Il aboutit à la publication de la pièce lauréate chez Lansman éditeur.
Le Prix est remis lors d’une soirée avec lecture publique du texte au Théâtre de l’Aquarium.
Parallèlement, aux différentes étapes du comité de lecture, les classes participantes pourront découvrir au
moins 2 spectacles de théâtre contemporain choisis dans la programmation du Théâtre de l’Aquarium, visiter le
théâtre et rencontrer les équipes artistiques afin de permettre aux élèves d’appréhender les enjeux de la
représentation théâtrale d’un texte.
Ce lien avec un théâtre prolongera la découverte du théâtre par les élèves, en leur permettant d’appréhender
les enjeux de la représentation théâtrale d’une pièce.
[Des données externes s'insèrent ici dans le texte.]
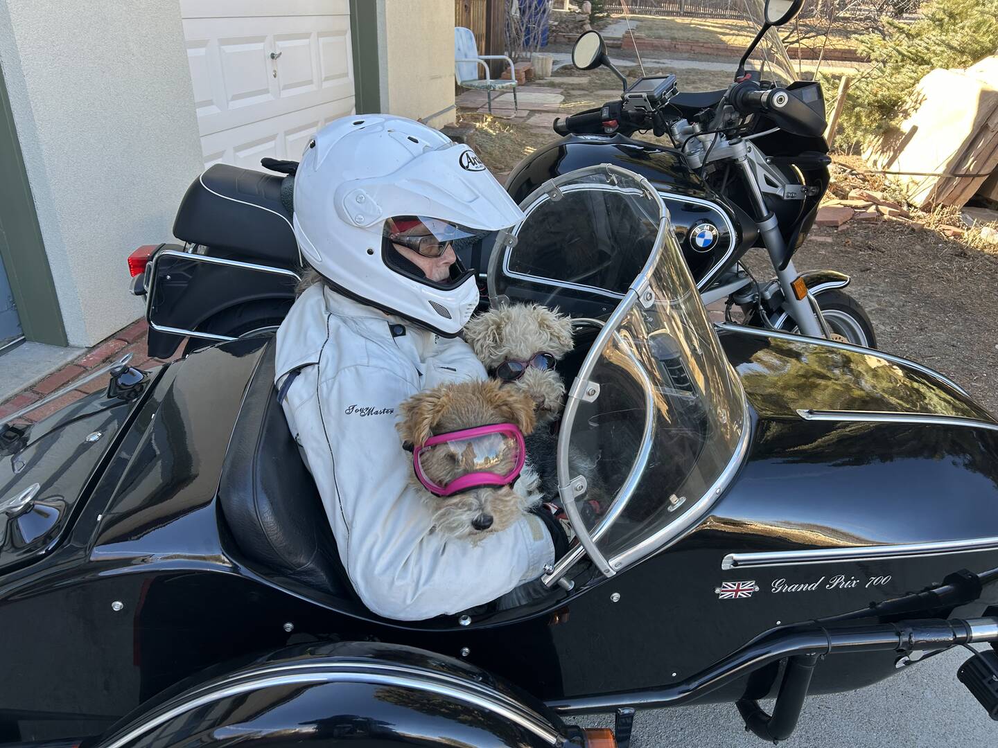 The windscreen frame of the sidecar scratched the heck out of the lens, and there are a few new scratches on the windscreen lexan. Will get a new lens for the Rex Specs, and try a ride without the windscreen. She likes looking around the screen, and we don't need to travel faster than 45mph. Hopefully that works. "Paws crossed."

En fonction des possibilités et des souhaits des différents partenaires, des ateliers de mise en voix de la pièce
lauréate pourront éventuellement être proposés aux classes participantes par des artistes attachés au Théâtre
de l’Aquarium.
* Un appel à pièces inédites
Chaque année en avril, un appel à textes est envoyé aux auteurs.
Préjury et jury
 En juin, un préjury (composés des intervenants dans les classes et des partenaires organisateurs) lit
l'ensemble des manuscrits envoyés – le nom de leurs auteurs ne figurant pas sur les textes distribués.
Ce préjury retient les pièces qui lui semblent les plus adaptées au projet. Soit une dizaine de textes
riches et variés dans leur propos, dans leur forme dramaturgique, dans leur ouverture et dans leur
langue. Ces textes seront soumis au jury.
 En septembre, un jury, composé des enseignants participant à l’édition de l’année scolaire en cours,
des intervenants dans les classes, et des partenaires organisateurs, désigne les trois pièces qui seront
proposées aux élèves des classes engagées dans le projet.
Publication
L’opération ne sera définitivement terminée et le lauréat proclamé que quand le texte définitif, prêt à être
publié, sera établi (en mai 2015). Le texte retenu fera l’objet d’une publication chez Lansman Editeur
suivant un contrat dont le modèle peut être obtenu sur simple demande.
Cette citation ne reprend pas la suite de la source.